American politician and diplomat

Jonathan Brewster Bingham (April 24, 1914 – July 3, 1986) was an American politician and diplomat. He was the US delegate to the United Nations General Assembly and was elected to Congress from The Bronx, serving in the House of Representatives from 1965 to 1983.

==Early life==
Bingham was born in New Haven, Connecticut. His father, Hiram Bingham III, was a Senator and explorer and his great grandfather, Hiram Bingham I, was a missionary, who helped translate the Bible into Hawaiian.

Bingham attended Hamden Hall Country Day School and Groton School and graduated from Yale University in 1936 with a BA and from Yale Law School in 1939 with a law degree. He was a member of Skull and Bones, class of 1936. In 1940 he was admitted to the bar, and began the practice of law in New York City. His practice was interrupted in August 1941, when he joined the Machinery Branch of the newly created Office of Price Administration (OPA) as a legal advisor.

=== World War II ===
He was not at the OPA for long, for in 1942 he joined the Military Intelligence Service. In April of the following year he was enlisted as a private in the United States Army and was discharged a captain in October 1945 with a War Department citation.

==Diplomat==
On his return he was appointed chief of the newly created Alien Enemy Control Section of the State Department. The Alien Enemy Control Section was unpopular and short-lived. Bingham got off the boat before it sank, resuming the practice of law in New York City in 1946.

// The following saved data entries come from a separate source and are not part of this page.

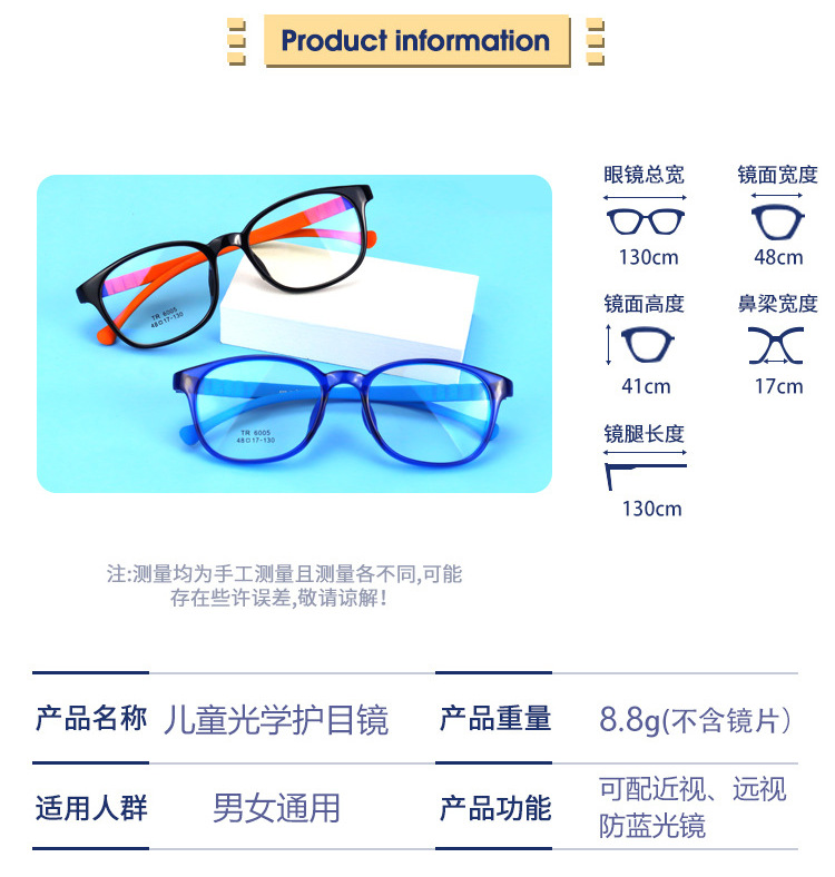 TR-90 (grilamid) eyeglass frames for kids are made of popular material that is in a great demand because of high quality, pleasant tactile properties, resistance to damage, lightweight, heat-resistant and hypoallergenic properties.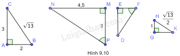 Tam giác ABC và tam giác GHK có: \(\widehat A = \widehat G = {90^0},\frac{{AB}}{{GH}} = \frac{{BC}}{{HK}}\left( {do\;\frac{2}{1} = \frac{{\sqrt {13} }}{{\frac{{\sqrt {13} }}{2}}}} \right)\)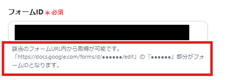 「フォームID」は、入力欄下の説明に従って、入力してください。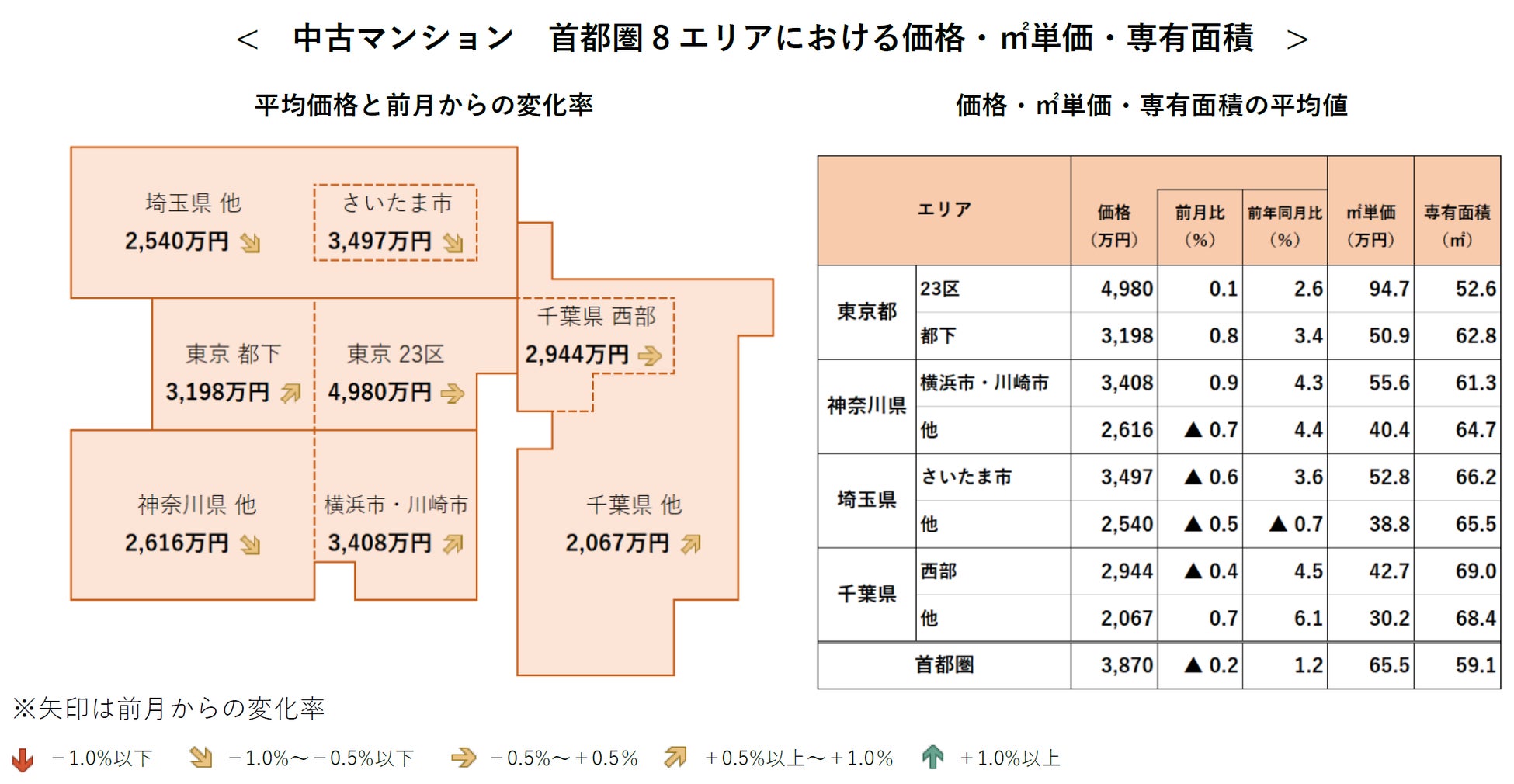 首都圏の中古マンション1戸あたり平均価格は3,870万円で、前月比-0.2%と5カ月連続で下落。

He left the practice of law again in 1951 to become assistant director of the Office of International Security Affairs. Bingham left in the same year to become deputy administrator of the Technical Cooperation Administration, implementing the Point 4 Program of technical assistance to developing countries. His book, Shirt-Sleeve Diplomacy: Point 4 in Action, was published in 1953. He left the administration in that year and resumed the practice of law. In 1955 he became secretary to fellow Bonesman, W. Averell Harriman, while he was Governor of New York. When Harriman was defeated in the 1958 election by Nelson Aldrich Rockefeller, Bingham joined the law firm Goldwater & Flynn.

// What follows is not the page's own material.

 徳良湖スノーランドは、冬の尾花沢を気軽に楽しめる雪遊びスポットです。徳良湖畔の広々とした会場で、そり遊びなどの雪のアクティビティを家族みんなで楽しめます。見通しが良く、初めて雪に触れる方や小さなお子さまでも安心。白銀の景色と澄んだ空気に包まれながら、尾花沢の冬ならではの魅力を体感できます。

In 1961 Bingham entered the world of diplomacy, as a United States representative on the United Nations Trusteeship Council with rank of Minister in 1961 and 1962, serving as President in 1962. During this period he was also principal adviser to the U.S. ambassador to U.N. on colonial and trusteeship questions. From 1963 to 1964 he was a United States representative on the United Nations Economic and Social Council with rank of Ambassador. He was also alternate representative to the 15th and 18th United Nations General Assemblies.

==Congress==
In 1964 he was elected to the House of Representatives from the 23rd District of New York, a district in the Bronx, at a time when elections in the Bronx were decided in the Democratic primaries in contests between "regular" or machine Democrats, and "reform" or challenger Democrats. Bingham defeated Charles Buckley, the leader of the Bronx "regular" Democrats and a powerful, senior committee chairman in Congress, in a rematch following Bingham's defeat in his first try against the incumbent Buckley in the 1962 Democratic primary.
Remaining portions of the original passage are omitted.